Terry Jones: And we cookie them, and nobody knew much about cookies in those days. They weren’t bad thing. And my team said, “Oh, people will go away.” And I said, “I don’t think they will if we tell them what they get.” And what they got was a newsletter. We had a club. We watched all their searches so if they searched San Diego three times, we knew they wanted to go there and we’d send them an email when the price went down, first people to do that. They got a lot of benefits that Orbitz didn’t figure out. So by the time Orbitz came around, we had this database of 30 or 40 million people. And we aggressively marketed to them with email, and they loved it. It was a new thing, nobody was doing that. So we build a CRM database and we ended up…

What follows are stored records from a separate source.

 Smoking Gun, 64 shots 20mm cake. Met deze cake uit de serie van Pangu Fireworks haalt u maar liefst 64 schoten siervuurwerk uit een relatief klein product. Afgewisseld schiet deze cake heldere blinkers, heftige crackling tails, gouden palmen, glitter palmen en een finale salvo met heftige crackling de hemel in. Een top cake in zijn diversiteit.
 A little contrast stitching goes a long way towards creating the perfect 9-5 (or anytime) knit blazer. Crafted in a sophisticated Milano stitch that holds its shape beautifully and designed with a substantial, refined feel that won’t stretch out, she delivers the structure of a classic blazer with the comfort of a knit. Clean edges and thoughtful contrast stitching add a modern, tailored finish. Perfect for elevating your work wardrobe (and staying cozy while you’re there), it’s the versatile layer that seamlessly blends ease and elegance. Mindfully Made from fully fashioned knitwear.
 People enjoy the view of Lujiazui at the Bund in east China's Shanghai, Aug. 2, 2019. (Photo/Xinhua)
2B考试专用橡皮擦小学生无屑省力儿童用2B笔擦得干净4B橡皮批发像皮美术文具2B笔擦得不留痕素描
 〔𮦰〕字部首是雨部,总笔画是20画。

Terry Jones: My head of marketing complained all the time that CRM was running IT because it also served customer service and other departments and it wasn’t responsive enough. So I said, “Okay, I’m going to give it to you along with the programmers and the analysts and everybody.” He said, “I don’t want that.” I said, “Too bad. You won.”
Rob Ristagno: You asked for it, you get it.

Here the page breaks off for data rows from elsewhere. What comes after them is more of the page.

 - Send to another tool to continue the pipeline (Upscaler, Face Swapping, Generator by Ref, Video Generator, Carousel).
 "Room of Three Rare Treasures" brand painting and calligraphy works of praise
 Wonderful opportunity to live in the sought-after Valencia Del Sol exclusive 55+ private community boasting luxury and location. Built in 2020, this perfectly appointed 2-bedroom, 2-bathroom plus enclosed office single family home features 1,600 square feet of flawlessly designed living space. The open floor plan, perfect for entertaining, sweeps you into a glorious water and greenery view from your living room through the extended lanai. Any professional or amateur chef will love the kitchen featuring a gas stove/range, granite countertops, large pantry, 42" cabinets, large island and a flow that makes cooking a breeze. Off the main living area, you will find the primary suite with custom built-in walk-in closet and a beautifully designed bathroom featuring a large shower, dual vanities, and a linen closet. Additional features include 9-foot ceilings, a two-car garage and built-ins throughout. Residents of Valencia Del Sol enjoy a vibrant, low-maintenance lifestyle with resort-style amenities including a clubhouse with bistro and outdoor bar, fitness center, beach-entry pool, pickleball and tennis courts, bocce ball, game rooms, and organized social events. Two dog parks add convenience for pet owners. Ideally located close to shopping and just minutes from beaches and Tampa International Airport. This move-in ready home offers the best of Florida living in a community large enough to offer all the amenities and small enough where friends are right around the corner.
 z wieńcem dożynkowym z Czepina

Terry Jones: “You got it.” And it really helped because he drove it very hard, but he also learned how to serve other departments and he went on to become a successful CEO. So it turned out well, but we really had a very large and pretty leading-edge customer service and CRM database that others didn’t have.

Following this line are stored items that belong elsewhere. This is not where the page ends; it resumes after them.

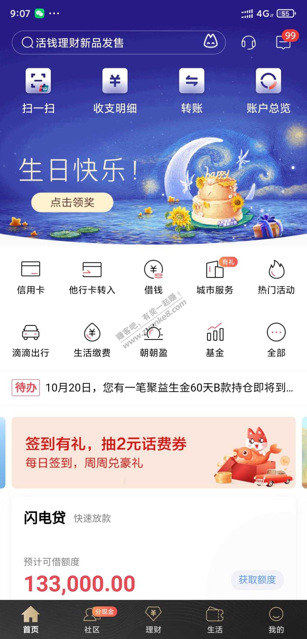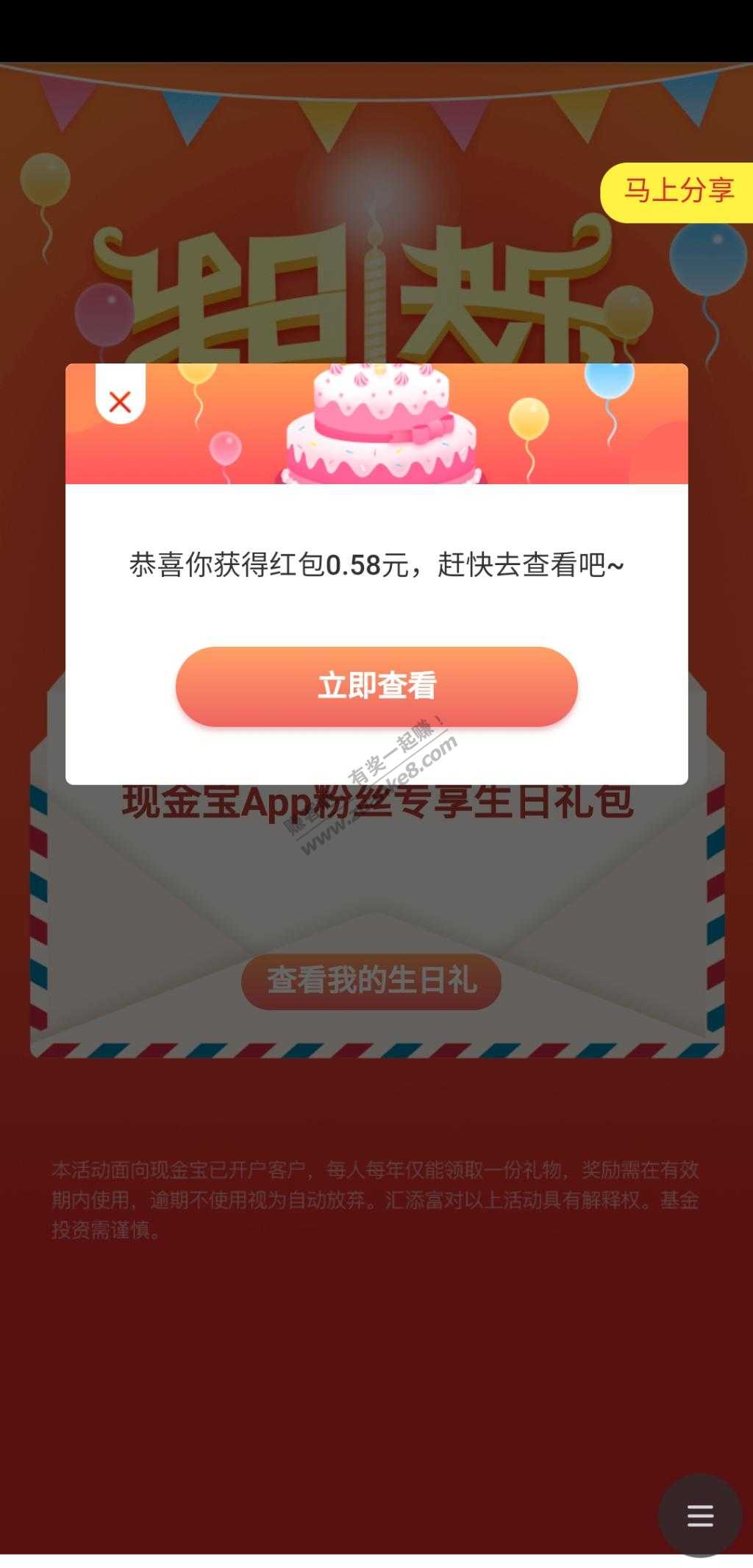 4、招商APP搜生日礼,抽奖抽到优酷周卡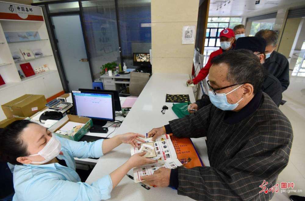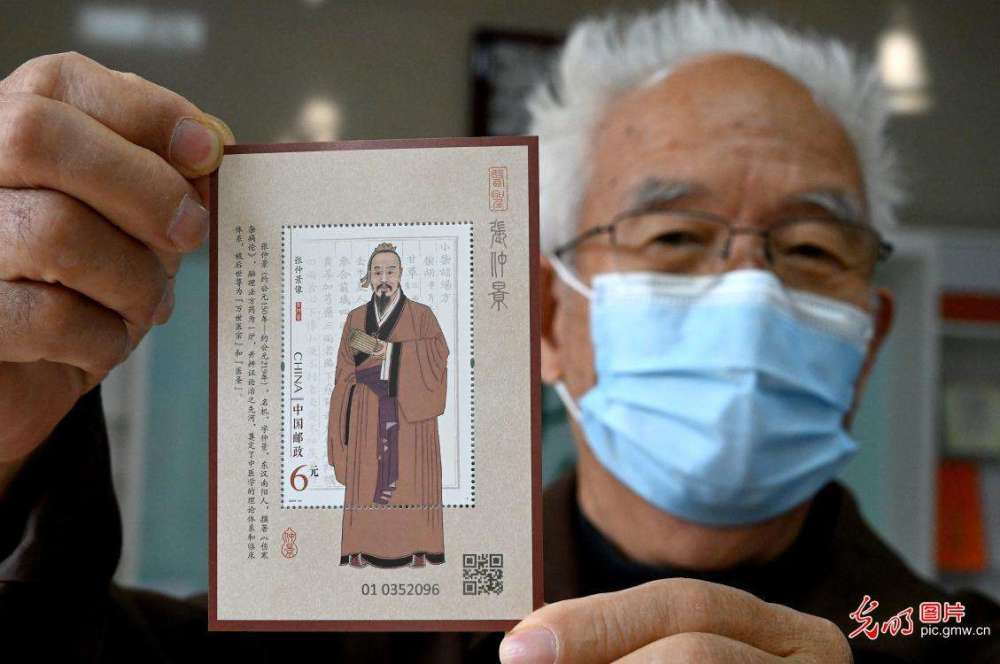 2022年10月22日,中国邮政发行《张仲景》特种邮票1套2枚,小型张1枚。邮票图案名称为坐堂行医、撰书立著,小型张图案名称为张仲景像。全套邮票面值8.40元。图为河北省邯郸市一名集邮爱好者展示《张仲景》特种邮票小型张。(郝群英摄/光明图片) 2022年10月22日,中国邮政发行《张仲景》特种邮票1套2枚,小型张1枚。邮票图案名称为坐堂行医、撰书立著,小型张图案名称为张仲景像。全套邮票面值8.40元。图为河北省邯郸市集邮爱好者购买《张仲景》特种邮票。(郝群英摄/光明图片)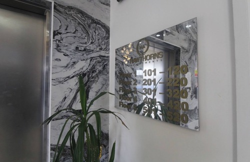 When you come to Hawthorns apartments come inside into the main reception area and on the right hand side near the counter you will find the master key lock open that with the code given to you and you will find a fob which you then take to the flat and that will allow you access into the flat.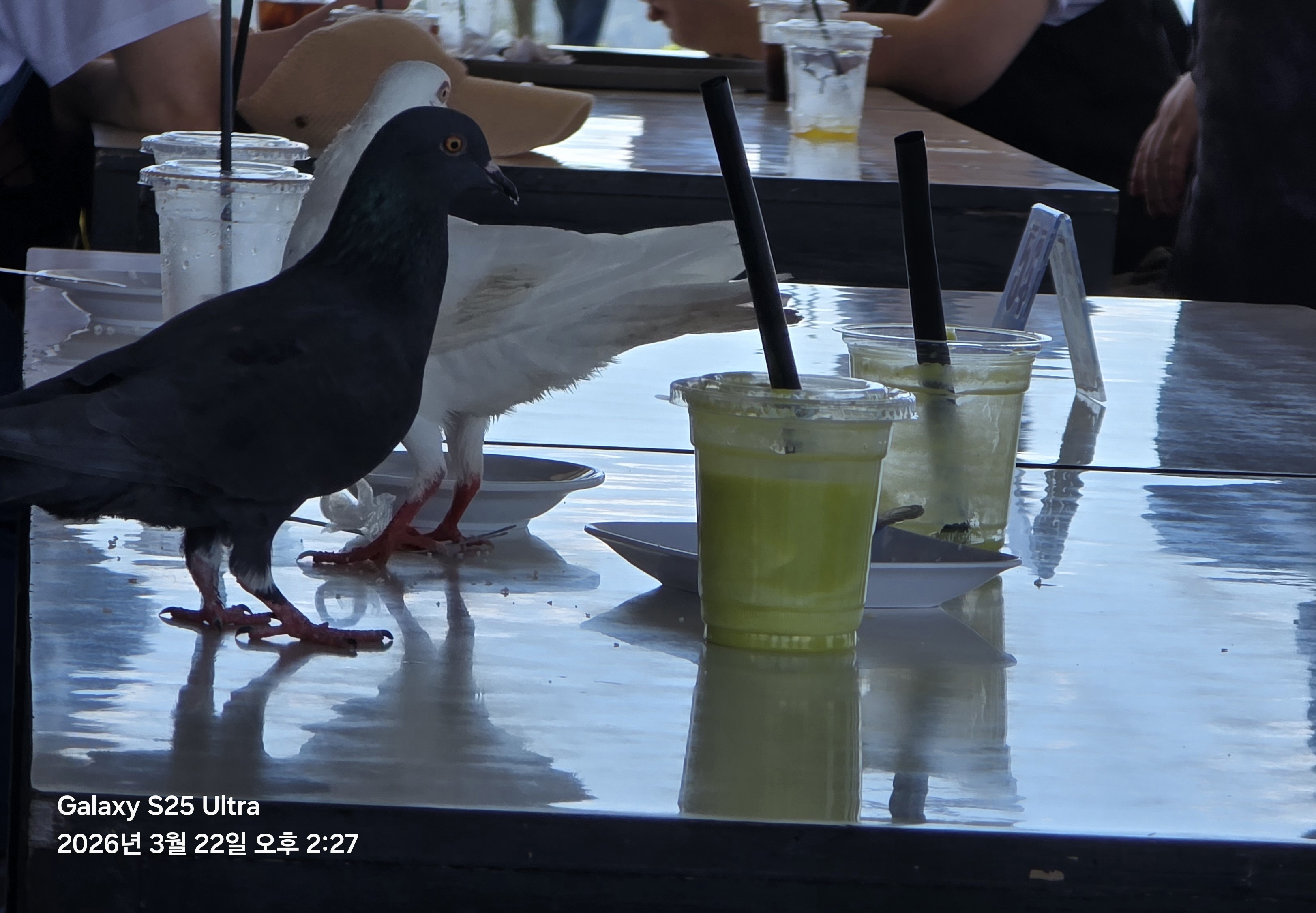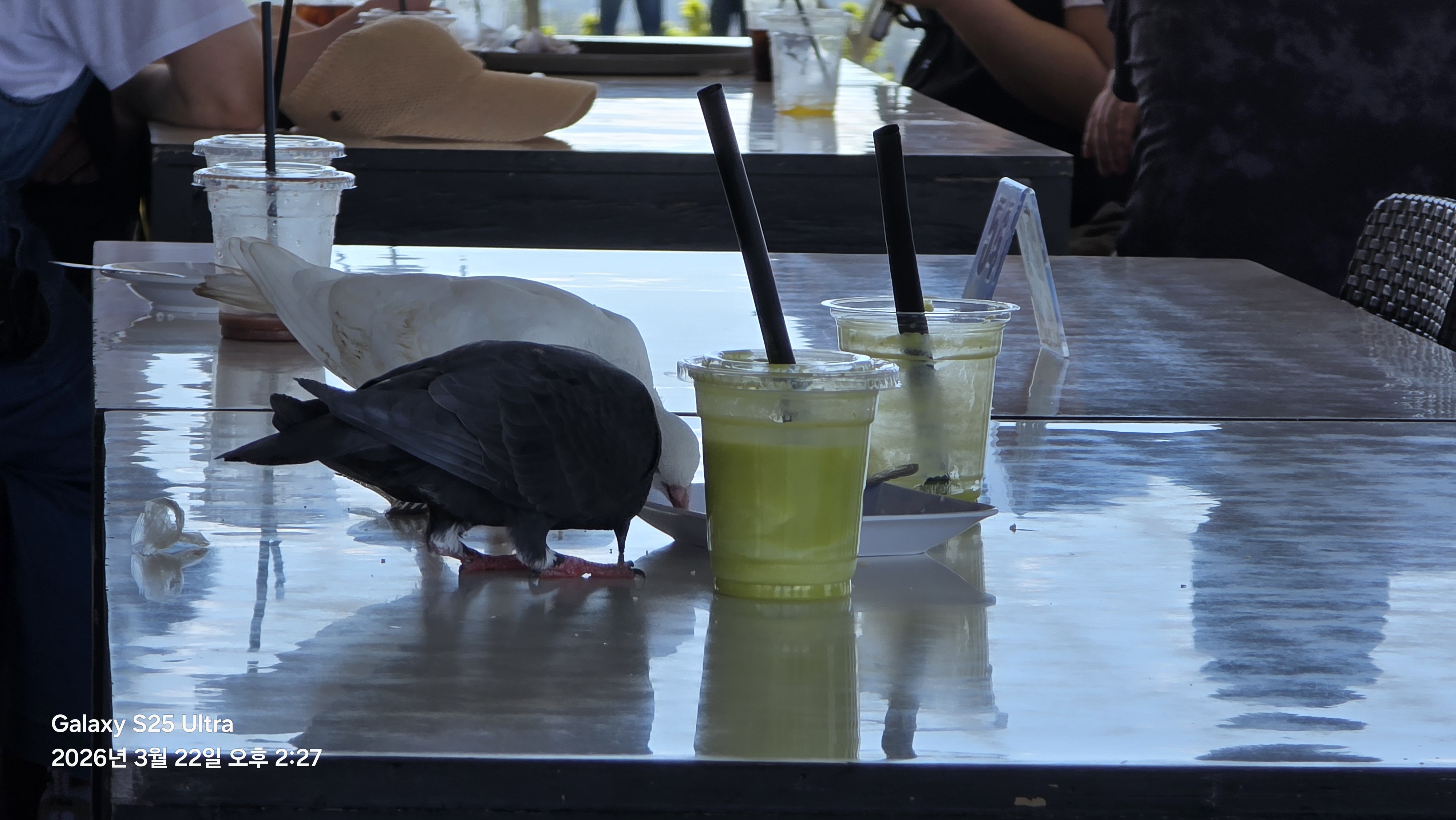 다른 팀 아보카도 쥬스와 간식에 날아든 새들

Rob Ristagno: That’s early times. That’s pretty forward thinking [crosstalk 00:18:02]—
Terry Jones: It was and Expedia never really did that. And eventually we had to take it down because the other guys didn’t copy it and over time we had to. And when commissions went to zero Expedia and Travelocity started charging five bucks for a ticket and Orbitz didn’t. So we could only do that for maybe six or eight months and then we were bleeding because people will change airlines for $2. It’s a very transparent marketplace.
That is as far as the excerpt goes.